The Disabled Students’ Union reached out in an effort to provide more opportunities for students with disabilities to participate in the social and academic life of the community. In 1972 they formed the Center for Independent Living (CIL), which became a model for independent living centers throughout the United States and the world. Run by and for people with disabilities, CIL provides a wide range of services.  

Another function of CIL has been to advocate for rights of disabled people. One of its early successes was coordination with the city of Berkeley to create curb cuts. This turned out to be a boon not only to wheelchair users but also to mothers pushing baby strollers and these days is much appreciated by people using the ubiquitous roller bags. It’s hard now to imagine what it was like for a person in a wheelchair being downtown and having to find a way to get from the street onto the sidewalk just to go into a store or the library or a movie.  

Ed Roberts’ long-time friend and colleague Joan Leon recalls, “Ed always said that we learned from the women’s movement, from the civil rights movement, (and) we learned from Saul Alinsky.”  

The Independent Living Movement grew into the Disability Rights Movement, which ultimately resulted in achieving congressional passage of the Americans with Disabilities Act (ADA) in 1990. 

Roberts was a charismatic and eloquent speaker and an astute politician. In 1975 then-Governor Jerry Brown appointed him director of the California Department of Rehabilitation. There was a nice irony in this since in 1961 that same agency had refused to provide services for Ed because they determined that he was too severely disabled and would never be employable. During the eight years he served in that position, he spurred the establishment of other CILs and the provision of rehabilitation services in other areas of the country. 

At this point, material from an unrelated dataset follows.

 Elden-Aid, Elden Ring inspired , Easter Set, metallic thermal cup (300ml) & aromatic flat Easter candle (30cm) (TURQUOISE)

With the end of Brown’s term in office, Ed and his colleagues, Joan Leon and Judy Heumann, began to seek funding to establish a new organization with still broader outreach. In 1983 they founded the World Institute on Disability (WID) in Oakland. More than a think tank, WID defines itself as a “nonprofit public policy, research and training center dedicated to creating awareness and bringing about policy changes regarding how society views and treats people with disabilities.” 

In 1985 Ed Roberts received a MacArthur Foundation “genius” award. As president of WID he traveled all over the world, advocating and influencing the lives of people with disabilities. He was featured on “60 Minutes” and other news shows. He died in 1995 leaving a legacy of organizing and activism in the true Berkeley tradition.  

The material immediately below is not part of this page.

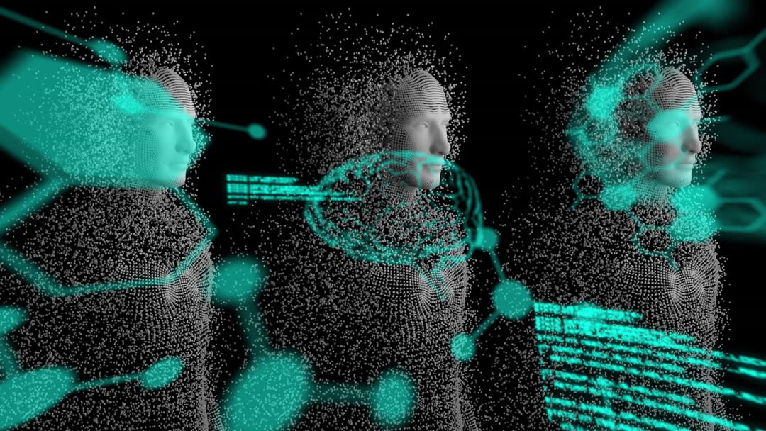 Digital representation of human models interacting with data streams, showcasing innovation in technology and scientific research. Ideal for marketing campaigns, technology content, educational materials on human biomechanical aspects, and digital animations related to data processing.

Roberts’ mother, Zona Roberts, reflects that “it’s gratifying after all the work that he did ... to think of the people who used to feel sorry for the ‘poor little crippled kid’ ... and he grew up and matured and learned how to do politics and (accomplish) things he really believed in.”  

His work has affected “families, the community, the city—and the world,” she said. 

The Ed Roberts Campus will bring together WID and CIL and other agencies that provide services for people with disabilities. The building will house a youth sports program, technology services, legal services and a program focused on families dealing with disabilities. The plans include meeting rooms, a fitness center and cafe, and a child development center, and more will be added as needs develop.  

The design of the building is unique, incorporating a plethora of features that make it completely accessible for people of all shapes and physical and mental abilities. Its location, right at a transit hub, is also a significant advantage.  

In the words of Joan Leon, “There’s no organization like it in the world.”